__Available data__.
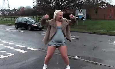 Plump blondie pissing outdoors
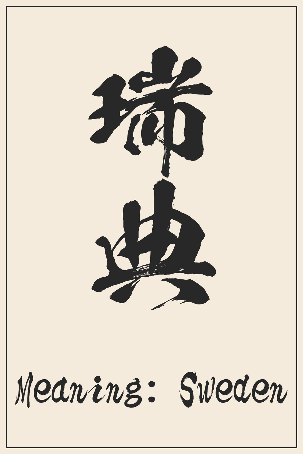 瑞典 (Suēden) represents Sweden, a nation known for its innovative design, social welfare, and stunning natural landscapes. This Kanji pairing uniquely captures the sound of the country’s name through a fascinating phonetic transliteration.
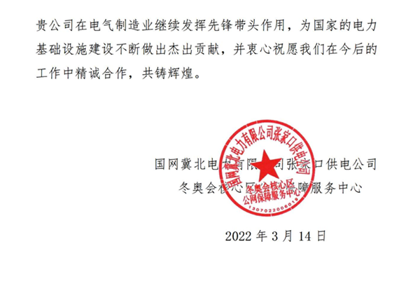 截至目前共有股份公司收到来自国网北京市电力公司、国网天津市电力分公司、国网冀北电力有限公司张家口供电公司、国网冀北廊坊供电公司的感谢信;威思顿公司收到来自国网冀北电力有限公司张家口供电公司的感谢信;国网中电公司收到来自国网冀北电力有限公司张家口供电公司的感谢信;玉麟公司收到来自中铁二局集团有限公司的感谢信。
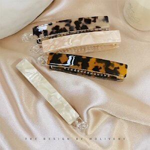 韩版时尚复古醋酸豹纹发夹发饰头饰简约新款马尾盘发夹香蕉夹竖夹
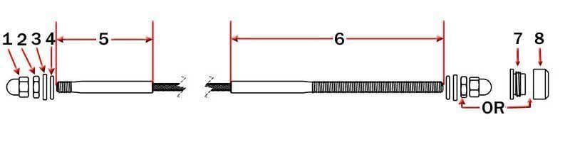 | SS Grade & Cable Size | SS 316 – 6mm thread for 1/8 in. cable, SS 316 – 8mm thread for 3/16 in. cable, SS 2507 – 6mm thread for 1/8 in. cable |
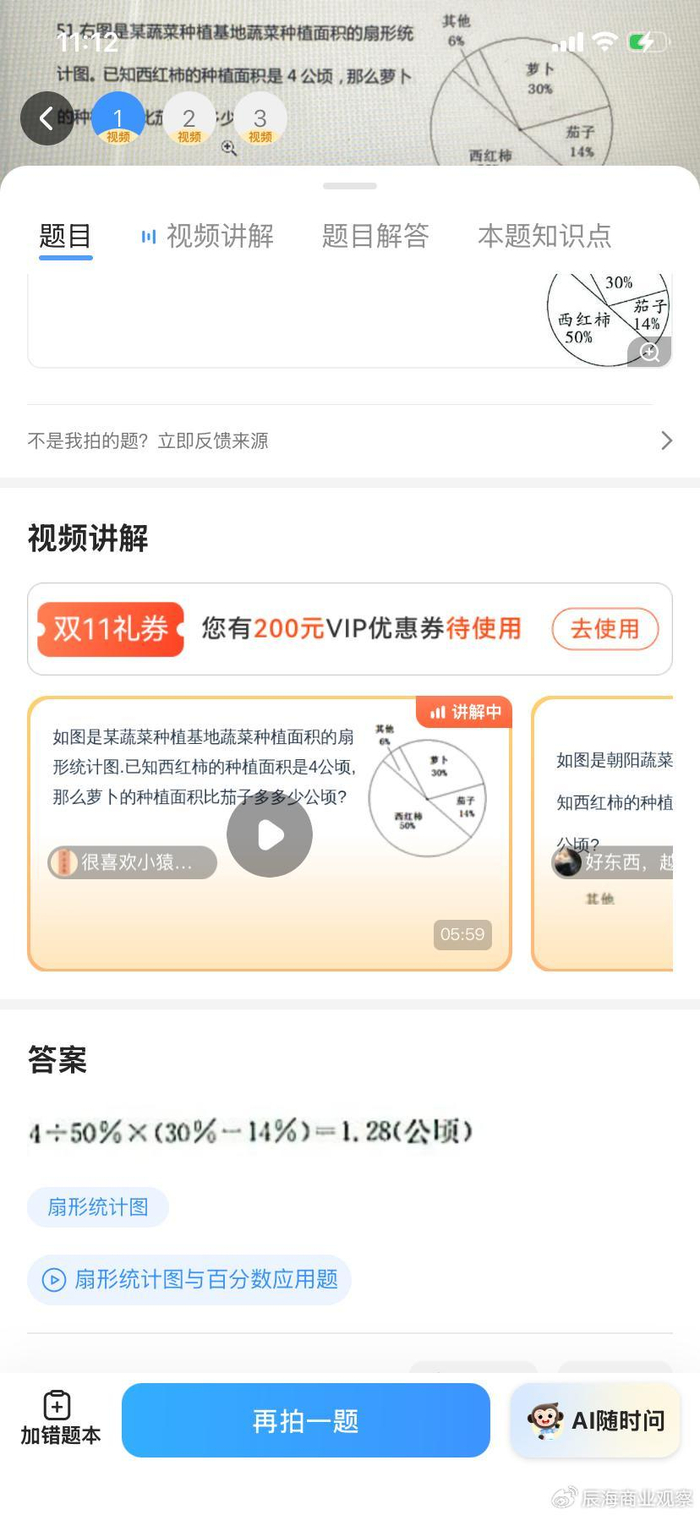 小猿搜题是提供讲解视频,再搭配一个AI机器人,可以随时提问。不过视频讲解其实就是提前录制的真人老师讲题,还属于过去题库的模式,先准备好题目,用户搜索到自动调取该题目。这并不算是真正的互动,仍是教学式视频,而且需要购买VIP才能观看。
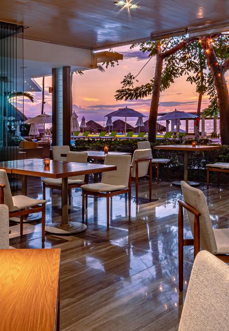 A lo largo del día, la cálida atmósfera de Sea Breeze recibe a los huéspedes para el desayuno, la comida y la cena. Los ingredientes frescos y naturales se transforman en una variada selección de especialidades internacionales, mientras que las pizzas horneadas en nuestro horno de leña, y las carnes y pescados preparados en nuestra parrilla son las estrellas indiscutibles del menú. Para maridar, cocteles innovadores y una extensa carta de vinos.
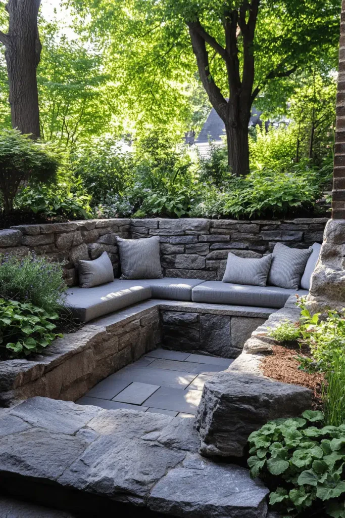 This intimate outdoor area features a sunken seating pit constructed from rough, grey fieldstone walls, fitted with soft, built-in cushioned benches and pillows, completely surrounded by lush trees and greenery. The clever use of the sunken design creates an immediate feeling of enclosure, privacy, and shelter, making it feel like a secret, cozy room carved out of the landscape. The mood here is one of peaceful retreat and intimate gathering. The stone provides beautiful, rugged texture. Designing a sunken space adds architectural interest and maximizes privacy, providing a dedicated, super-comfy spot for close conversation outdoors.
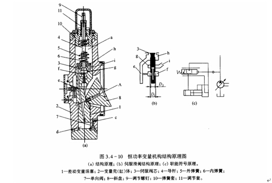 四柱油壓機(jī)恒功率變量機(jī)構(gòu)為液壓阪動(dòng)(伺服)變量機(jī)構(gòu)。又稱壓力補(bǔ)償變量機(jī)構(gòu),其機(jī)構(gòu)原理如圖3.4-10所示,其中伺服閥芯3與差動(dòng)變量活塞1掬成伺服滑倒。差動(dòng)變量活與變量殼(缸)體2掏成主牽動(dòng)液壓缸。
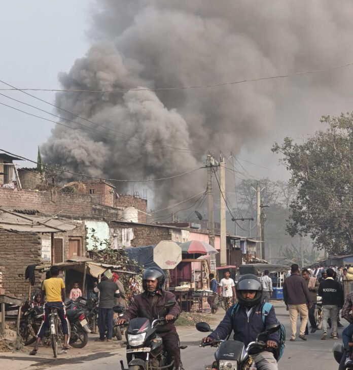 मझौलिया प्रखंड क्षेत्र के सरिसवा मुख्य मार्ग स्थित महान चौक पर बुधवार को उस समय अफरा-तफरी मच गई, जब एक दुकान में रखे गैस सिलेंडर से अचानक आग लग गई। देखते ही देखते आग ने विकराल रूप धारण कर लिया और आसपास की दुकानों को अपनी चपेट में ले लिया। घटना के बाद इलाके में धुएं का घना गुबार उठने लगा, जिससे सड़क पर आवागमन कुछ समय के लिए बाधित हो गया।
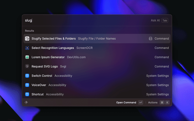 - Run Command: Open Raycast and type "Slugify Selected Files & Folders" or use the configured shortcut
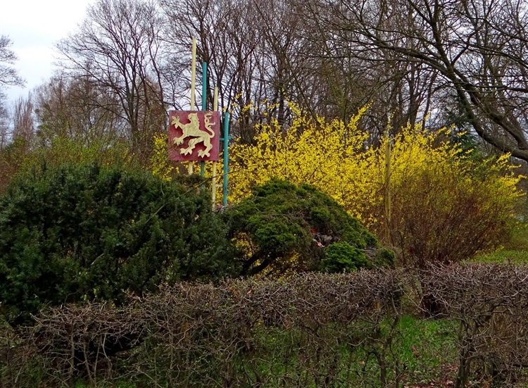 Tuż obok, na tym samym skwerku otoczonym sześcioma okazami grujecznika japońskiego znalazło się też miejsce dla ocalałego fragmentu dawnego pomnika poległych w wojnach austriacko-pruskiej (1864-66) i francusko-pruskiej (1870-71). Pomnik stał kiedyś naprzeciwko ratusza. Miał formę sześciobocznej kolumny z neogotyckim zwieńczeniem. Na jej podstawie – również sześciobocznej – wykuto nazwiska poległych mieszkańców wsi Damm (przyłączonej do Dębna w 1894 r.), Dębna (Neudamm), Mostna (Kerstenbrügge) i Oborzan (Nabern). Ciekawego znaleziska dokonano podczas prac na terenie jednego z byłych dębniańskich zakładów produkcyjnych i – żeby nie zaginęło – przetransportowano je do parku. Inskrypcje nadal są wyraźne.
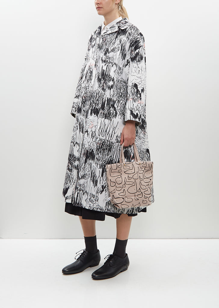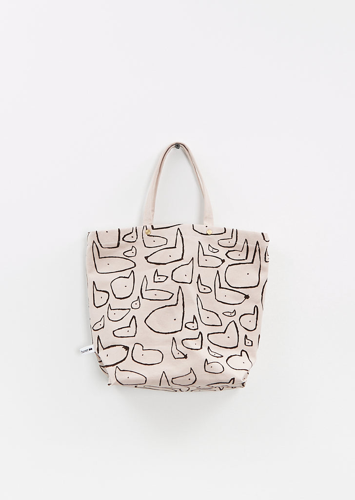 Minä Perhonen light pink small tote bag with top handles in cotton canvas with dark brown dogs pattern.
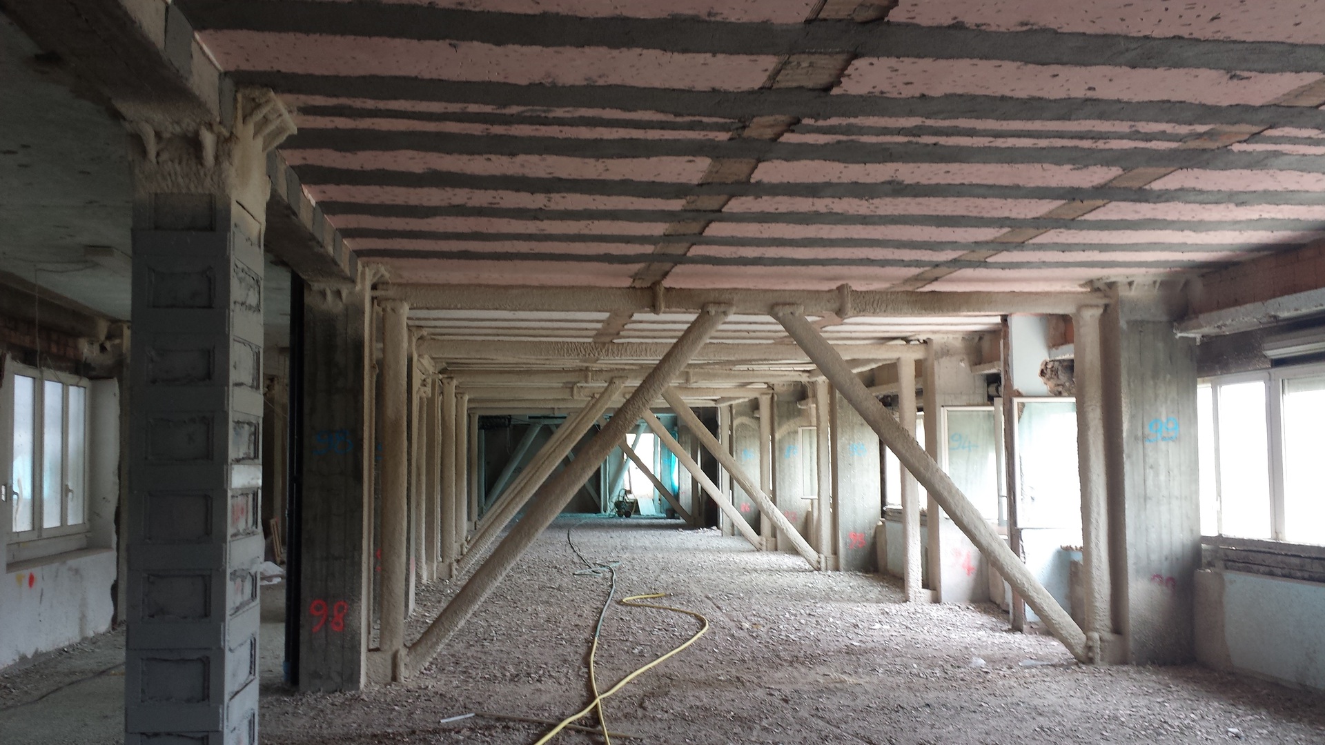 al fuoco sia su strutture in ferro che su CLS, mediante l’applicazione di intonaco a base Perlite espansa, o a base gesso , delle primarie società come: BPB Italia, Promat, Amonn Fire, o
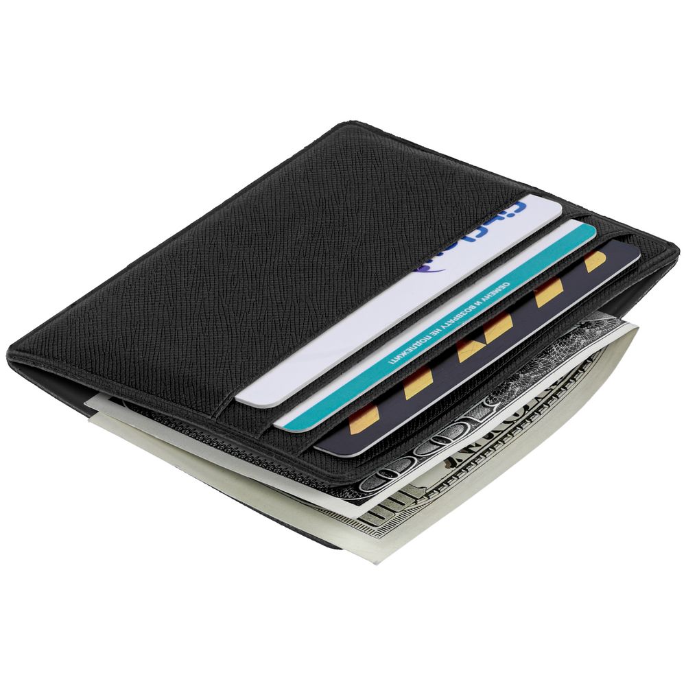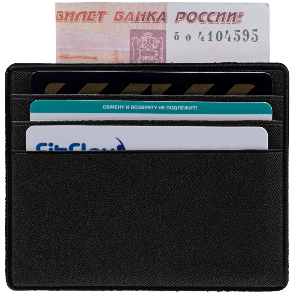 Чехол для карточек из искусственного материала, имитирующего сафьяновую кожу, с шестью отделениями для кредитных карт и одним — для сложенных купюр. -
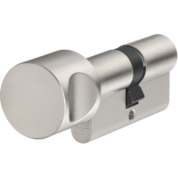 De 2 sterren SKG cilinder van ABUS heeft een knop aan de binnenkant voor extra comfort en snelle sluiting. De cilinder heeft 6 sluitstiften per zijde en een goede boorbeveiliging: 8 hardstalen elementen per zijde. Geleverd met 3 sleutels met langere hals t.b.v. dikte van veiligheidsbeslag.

__Exercise__.
Please give back exactly the lines from the first line of the records above through the line containing "瑞典 (Suēden) represents", only those and both included, with the pictures removed.

__Answer to the problem__.
 Plump blondie pissing outdoors
 瑞典 (Suēden) represents Sweden, a nation known for its innovative design, social welfare, and stunning natural landscapes. This Kanji pairing uniquely captures the sound of the country’s name through a fascinating phonetic transliteration.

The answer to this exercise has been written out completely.